━━━ Provided records

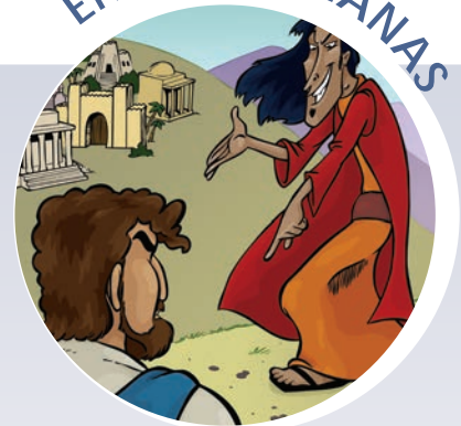
Jesús vence a la tentación Lucas 4:1-13
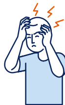
Maux de tête
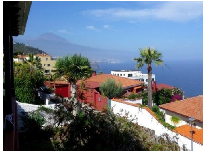
Views of Mount Teide, Puerto de la Cruz and the Atlantic
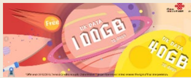
CUniq 英國網站優惠信息
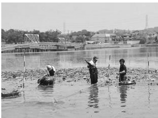
図6. 牧野池における園芸スイレン対策（2014年5月31日）
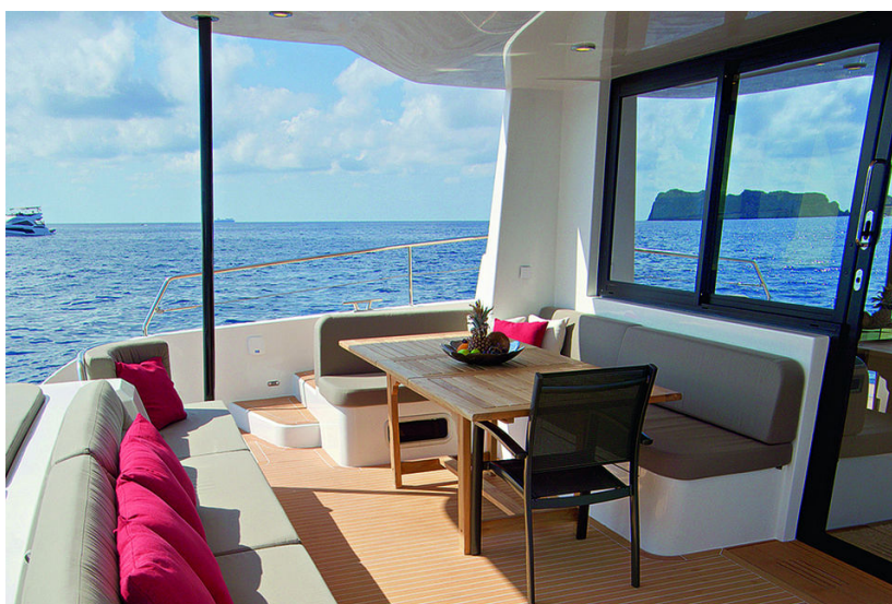
Преимущество любого катамарана – простор на борту

Катамаран-бестселлер Silent 55 несет «чешую» из 30 солнечных панелей последнего поколения. Они встроены в крышу, чтобы принимать на себя «солнечные удары». Каждая на 10 кВт-пик. Это наибольшая мощность энергии, которую реально накопить в идеальных погодных условиях. Они максимально открыты солнцу, поэтому у яхты очень компактный флайбридж – верхняя палуба с парой лежаков, диваном и внешним постом управления.
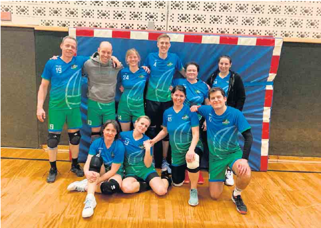
Die HSG Volleyballer nach der Niederlage gegen Rheinbach

„Wir haben zu viele Eigenfehler gemacht und die schwache Annahme hat uns immer wieder in
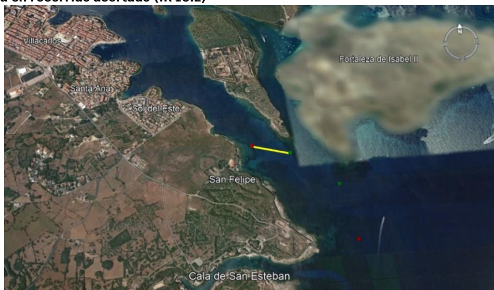
Línea de llegada en recorrido acortado (IR 10.2)
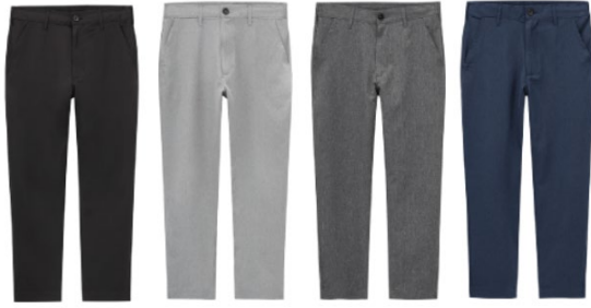
●イージーアンクルパンツ 1,990円+税(サイズ:S/M/L/XL)
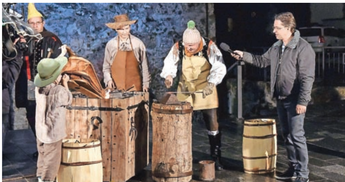
V prvem županovem izzivu je ansambel Slovenski zvoki moral skovati žebelj. / Foto: Andrej Tarfila
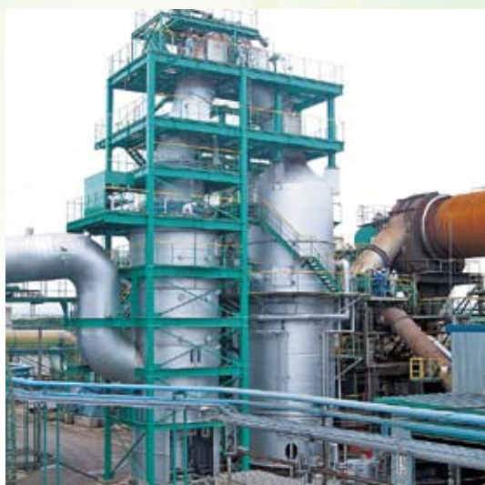
廃油焼却処理施設
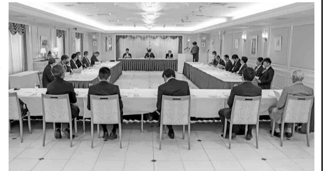
組合員・木曜会メンバーら25名が出席

【第3号議案】実務責任者会議(木曜会)報告承認の件 2022年度事業報告ならびに収支決算報告、2023年度事業計画ならびに収支予算(案) 同組合理事会の下部組織にあたる木曜会に組合員名簿の確認等。
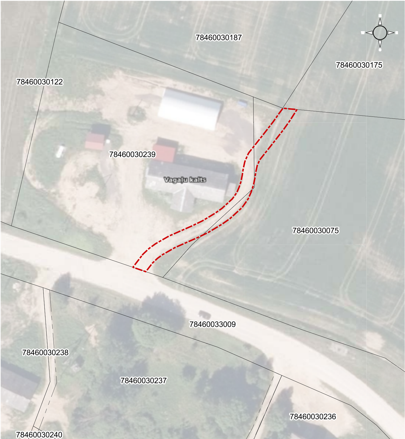
Ceļa servitūta izvietojuma zemes vienībās ar kadastra apzīmējumu 7846 003 0239 un 7846 003 0075 shēma
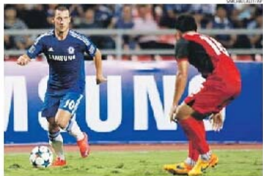
Eden Hazard foi dos jogadores que mais curiosidade despertaram em Banguecoque
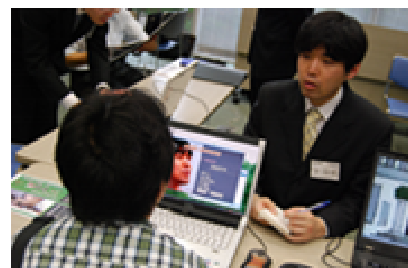
会社説明会・作品講評会風景(2012年7月開催時の写真)
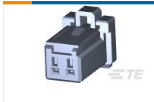
TE 产品编号1-1871465-2 DYNAMIC 1200S REC HSG 2P X BLA
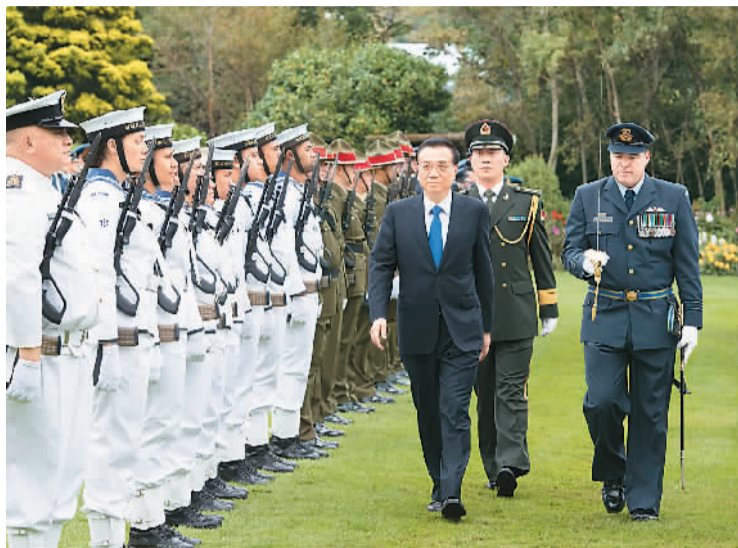
三月二十七日,李克强同新西兰总理英格利希举行会谈。图为会谈前,英格利希为李克强举行隆重欢迎仪式。

李克强强调,中新同为经济全球化和区域一体化的倡导者和受益者,应携手合作秉持联合国宪章宗旨和原则,坚定推动经济全球化进程,共同构建开放型世界经济,高举自由贸易旗帜,加强在亚洲基础设施投资银行框架下合作,加快推进区域全面经济伙伴关系协定(RCEP)谈判,为亚太和世界经济

━━━━━━

To do:
With the images omitted, retype the records above exactly.

Task solution:
Jesús vence a la tentación Lucas 4:1-13
Maux de tête
Views of Mount Teide, Puerto de la Cruz and the Atlantic
CUniq 英國網站優惠信息
図6. 牧野池における園芸スイレン対策（2014年5月31日）
Преимущество любого катамарана – простор на борту

Катамаран-бестселлер Silent 55 несет «чешую» из 30 солнечных панелей последнего поколения. Они встроены в крышу, чтобы принимать на себя «солнечные удары». Каждая на 10 кВт-пик. Это наибольшая мощность энергии, которую реально накопить в идеальных погодных условиях. Они максимально открыты солнцу, поэтому у яхты очень компактный флайбридж – верхняя палуба с парой лежаков, диваном и внешним постом управления.
Die HSG Volleyballer nach der Niederlage gegen Rheinbach

„Wir haben zu viele Eigenfehler gemacht und die schwache Annahme hat uns immer wieder in
Línea de llegada en recorrido acortado (IR 10.2)
●イージーアンクルパンツ 1,990円+税(サイズ:S/M/L/XL)
V prvem županovem izzivu je ansambel Slovenski zvoki moral skovati žebelj. / Foto: Andrej Tarfila
廃油焼却処理施設
組合員・木曜会メンバーら25名が出席

【第3号議案】実務責任者会議(木曜会)報告承認の件 2022年度事業報告ならびに収支決算報告、2023年度事業計画ならびに収支予算(案) 同組合理事会の下部組織にあたる木曜会に組合員名簿の確認等。
Ceļa servitūta izvietojuma zemes vienībās ar kadastra apzīmējumu 7846 003 0239 un 7846 003 0075 shēma
Eden Hazard foi dos jogadores que mais curiosidade despertaram em Banguecoque
会社説明会・作品講評会風景(2012年7月開催時の写真)
TE 产品编号1-1871465-2 DYNAMIC 1200S REC HSG 2P X BLA
三月二十七日,李克强同新西兰总理英格利希举行会谈。图为会谈前,英格利希为李克强举行隆重欢迎仪式。

李克强强调,中新同为经济全球化和区域一体化的倡导者和受益者,应携手合作秉持联合国宪章宗旨和原则,坚定推动经济全球化进程,共同构建开放型世界经济,高举自由贸易旗帜,加强在亚洲基础设施投资银行框架下合作,加快推进区域全面经济伙伴关系协定(RCEP)谈判,为亚太和世界经济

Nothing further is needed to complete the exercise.